${n \choose k} \leq \left(\frac{en}{ k}\right)^k$

Question

This is from page 3 of http://www.math.ucsd.edu/~phorn/math261/9_26_notes.pdf.

Copying the relevant segment:

Stirling’s approximation tells us $\sqrt{2\pi n} (n/e)^n \leq n! \leq e^{1/12n} \sqrt{2\pi n} (n/e)^n$. In particular we can use this to say that $$ {n \choose k} \leq \left(\frac{en}{ k}\right)^k$$

I tried the tactic of combining bounds from $n!$, $k!$ and $(n-k)!$ and it didn't work. How does this bound follow from stirling's approximation?

Answer 1

First of all, note that $n!/(n-k)! \le n^k$. Use Stirling only for $k!$.
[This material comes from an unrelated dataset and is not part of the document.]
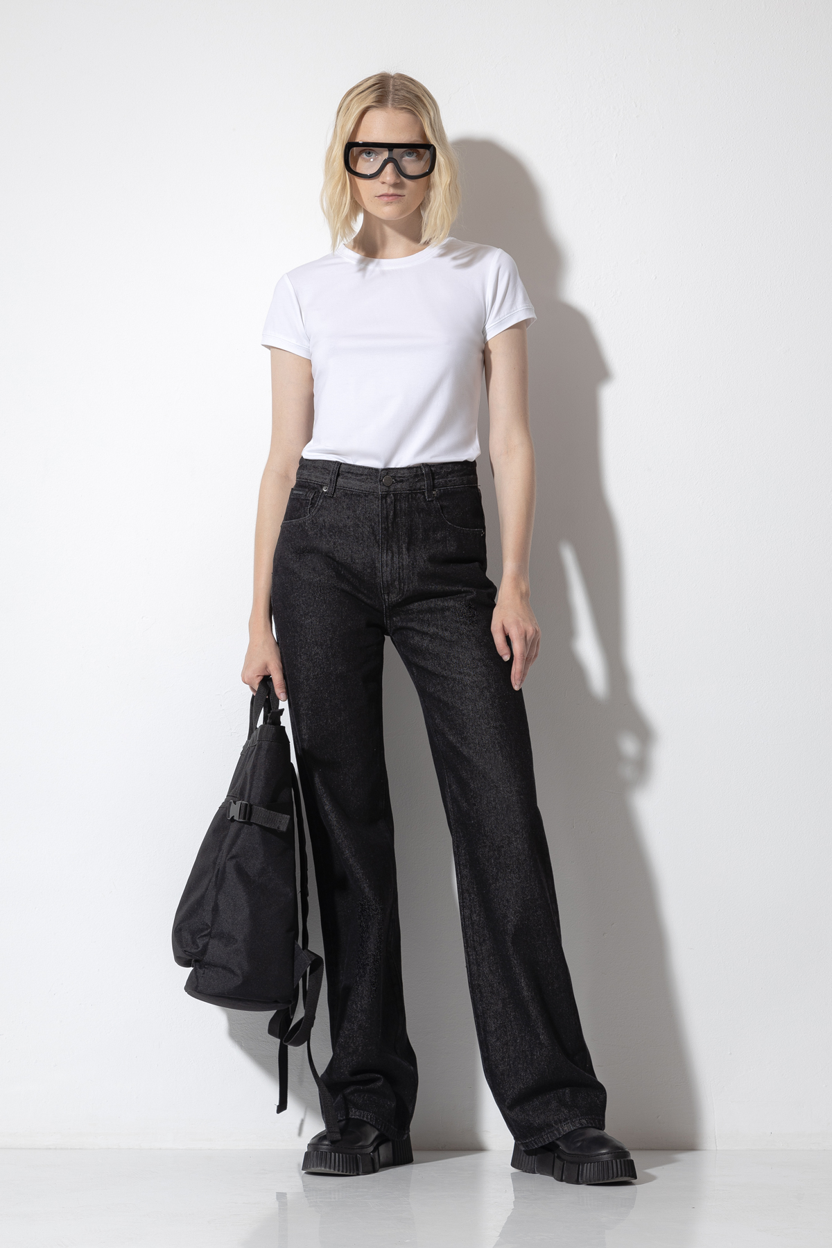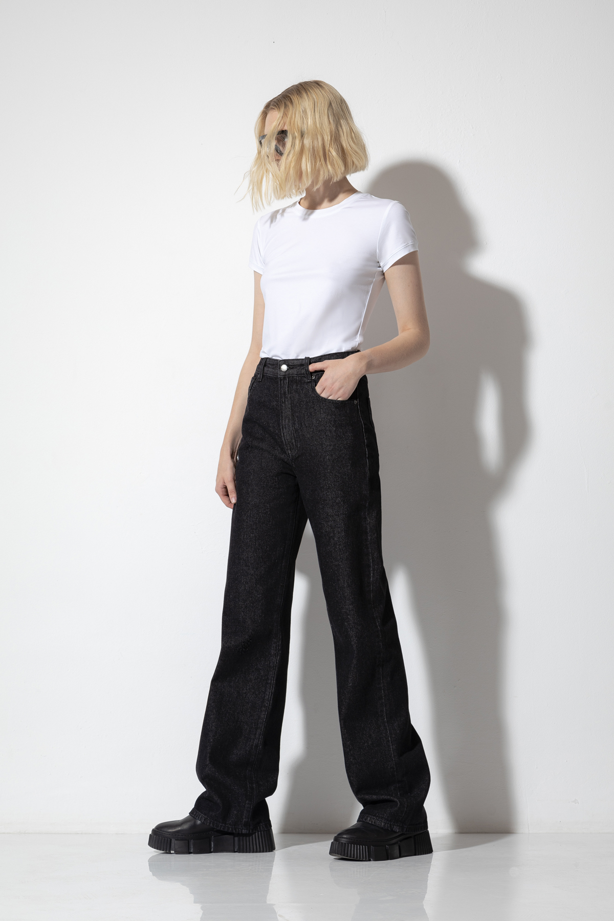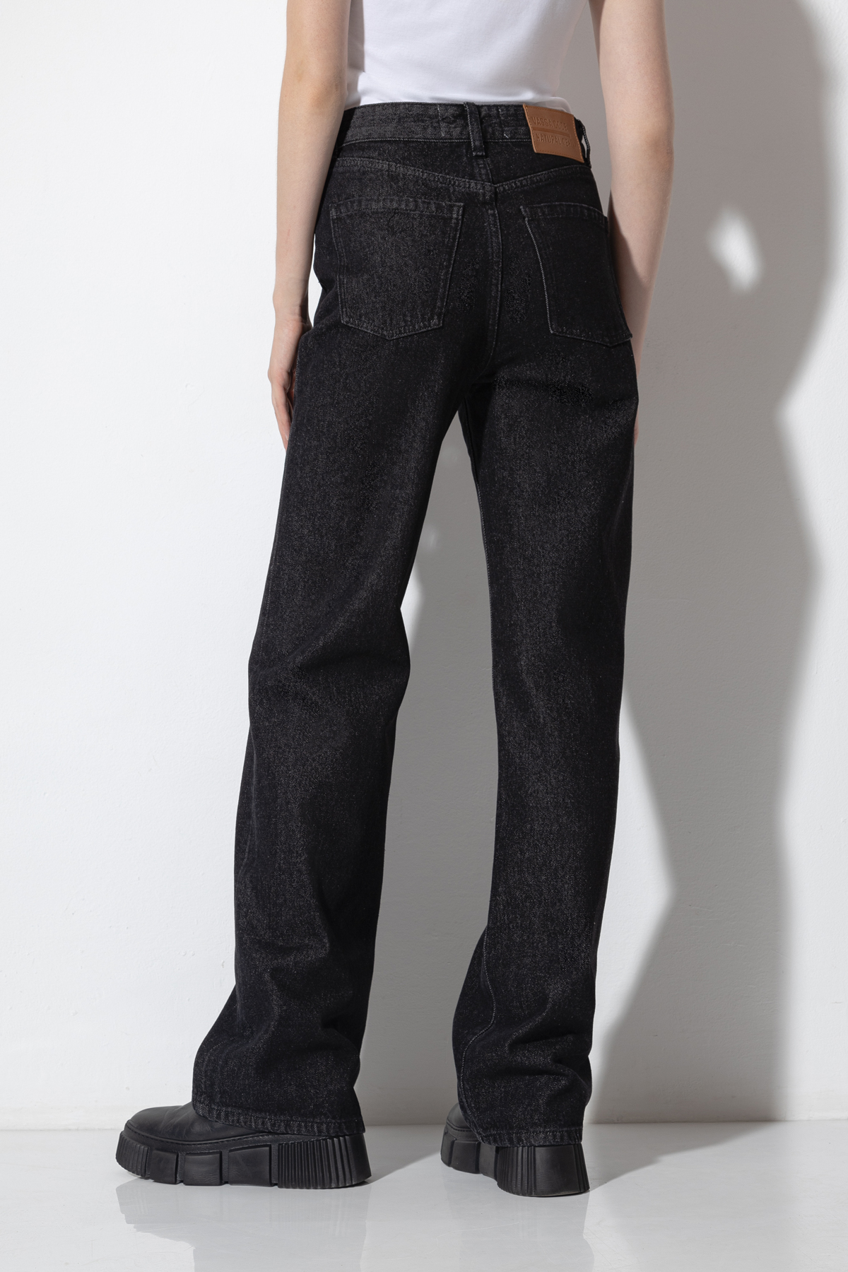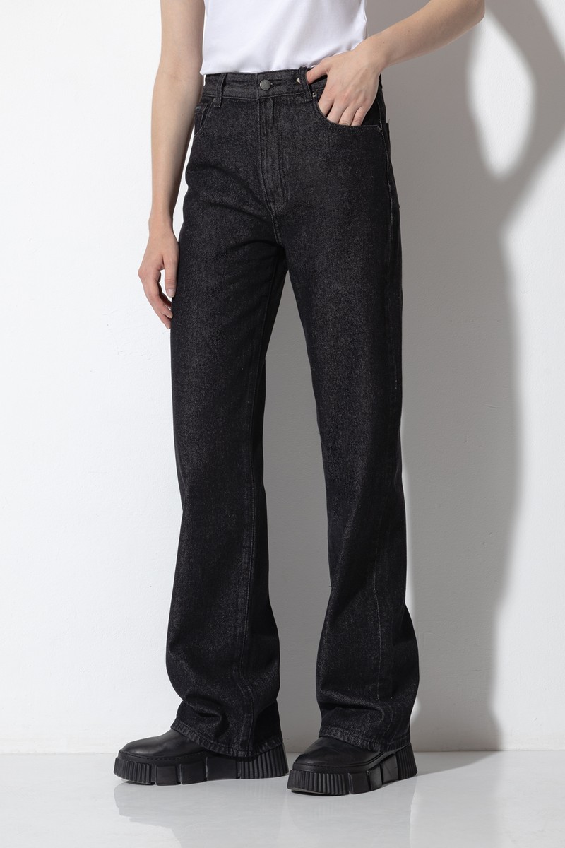 Базовые джинсы из плотного денима. Модель расширенного кроя с высокой посадкой. Джинсы дополнены практичными карманами, застежкой на молнию и пуговицу и мягким поясом со шлевками, который позволяет носить брюки с ремнем или без него.

${n \choose k} \le \frac{n^k}{k!} \le \frac{n^k}{(\sqrt{2\pi k}(k/e)^k)} \le \frac{n^k}{(k/e)^k} = (\frac{en}{k})^k$

Answer 2

$$\begin{align*} \binom{n}k&=\frac{n!}{k!(n-k)!}\\ &\le\frac{e^{1/12n} \sqrt{2\pi n} (n/e)^n}{\sqrt{2\pi k}(k/e)^k\sqrt{2\pi(n-k)}((n-k)/e)^{n-k}}\\ &=\frac{e^{1/12n}\sqrt{n}}{\sqrt{2\pi k(n-k)}}\left(\frac{n/e}{k/e}\right)^k\left(\frac{n/e}{(n-k)/e}\right)^{n-k}\\ &\le\frac{e^{1/12n}\sqrt{n}}{\sqrt{2\pi k(n-k)}}\left(\frac{n}{k/e}\right)^k\\ &\le\frac{e^{1/12n}\sqrt{n}}{\sqrt{2\pi(n-1)}}\left(\frac{en}k\right)^k\\ &\le\left(\frac{en}k\right)^k \end{align*}$$